Thursdays: 3:30 – 5:15pm
January 8 – April 23, 2026
177 Huntington, room 207

Summary

This Literature Review Seminar is course designed to introduce Network Science students to a wide range of foundational research in Network Science and Complex Systems, both contemporary and historical. The goal for students is to leave the course with exposure to the ideas, insights, and techniques that were integral in the creation of Network Science as we know it today. It is difficult to commit rigidly to a single syllabus for this course; as such, the schedule is designed to be edited, expanded upon, and reconsidered. The ultimate goal is not about identifying and mastering a small number of important scientific contributions—instead, this class provides a space to learn about the insights behind the ideas we use today, untangling where and how these ideas came about, and what they evolved into.

This course is open to members of the Network Science Institute community. It is modeled after an informal journal club that was hosted by Professor Alessandro Vespignani from 2016-2018, when many NetSI members would sit together on Friday afternoons to discuss a paper. This would attract students, postdocs, and faculty, all sitting together listening to each others' questions and insights as peers. As the instructor, I will aim to guide discussion and bring students' voices and questions into the conversation, while also being willing to explore tangents and balancing our various expertises.
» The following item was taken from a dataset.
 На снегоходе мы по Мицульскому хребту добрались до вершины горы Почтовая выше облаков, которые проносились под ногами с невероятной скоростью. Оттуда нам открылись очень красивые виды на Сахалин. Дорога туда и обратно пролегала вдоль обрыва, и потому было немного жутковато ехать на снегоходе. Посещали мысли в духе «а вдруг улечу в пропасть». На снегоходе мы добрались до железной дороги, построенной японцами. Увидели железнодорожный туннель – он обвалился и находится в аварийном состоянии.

We also will be inviting guest participants to class. These will typically be more senior researchers who select the article(s) to read and participate in the journal club for that week, essentially as a peer—asking questions, bringing up discussion points, adding context, commenting on other students' ideas, etc. The idea is not necessarily for the students to hear a lecture from the guest participant, but rather to feel what it’s like to sit around the same table and discuss big ideas. The guest participants are asked to choose the week’s reading(s), which can be about their own work, or ideas that are inspiring their current work, or ideas inspired them as a student, research that they think should be required reading for young network scientists, any/all/none of the above, etc.
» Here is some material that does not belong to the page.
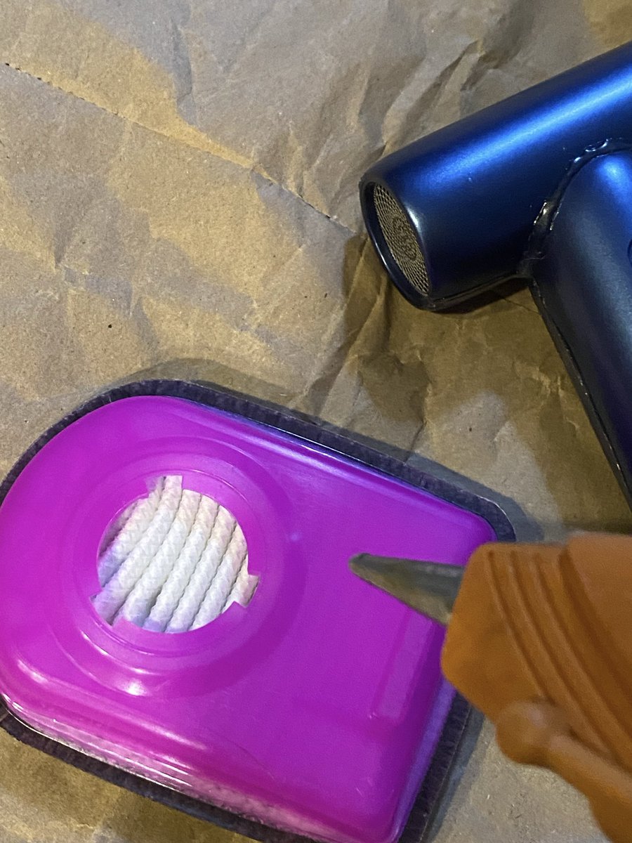Step 4, cut the foam to remove the plastic ring on the end not inside the hood

Coursework, Class Structure, Grading

This is a weekly discussion-based class. As is the case in typical “journal club” settings, there will naturally be some students who are more interested and invested in the week's readings and will likely participate more. I hope to assign readings that are broad enough that every student has at least one week where the readings are especially salient. At the same time, I challenge every student to come to class prepared to ask questions and share their thoughts about the week's readings, no matter the topic.

Instructor

Brennan Klein is core faculty at the Network Science Institute and Assistant Teaching Professor in the Department of Physics. He is the program director of the MS in Complex Network Analysis at Northeastern University. Prof. Klein is also the director of the Complexity & Society Lab, which is focused on two broad research areas: 1) Information, emergence, and inference in complex systems: developing tools and theory for characterizing dynamics, structure, and scale in networks, and 2) Public health and public safety: drawing on complex systems science to document—and fight against—emergent or systemic disparities in society, especially as they relate to public health and public safety. As of 2025, he is also the director of NetSI Sport, an interdisciplinary research group focusing on complex systems-inspired approaches to sports analytics. In 2023, Prof. Klein was awarded the René Thom Young Researcher Award, given to a researcher to recognize substantial early career contributions and leadership in research in Complex Systems-related fields. Prof. Klein is the Data for Justice Fellow at the Institute on Policing, Incarceration & Public Safety at Harvard University’s Hutchins Center for African & African American Research. He received a PhD in Network Science in 2020 from Northeastern University and earned his BA in Cognitive Science & Psychology from Swarthmore College in 2014. Website: brennanklein.com.

Syllabus below (or pdf here).

Week 1: Jan. 8

Introduction to the course and semester goals

Pre-class homework:

  • Please come to class with the following:

    • A list of your favorite papers (between 1 and 5, nothing too substantial) about networks or complex systems. Don't think too much about this! Just be ready to discuss in class.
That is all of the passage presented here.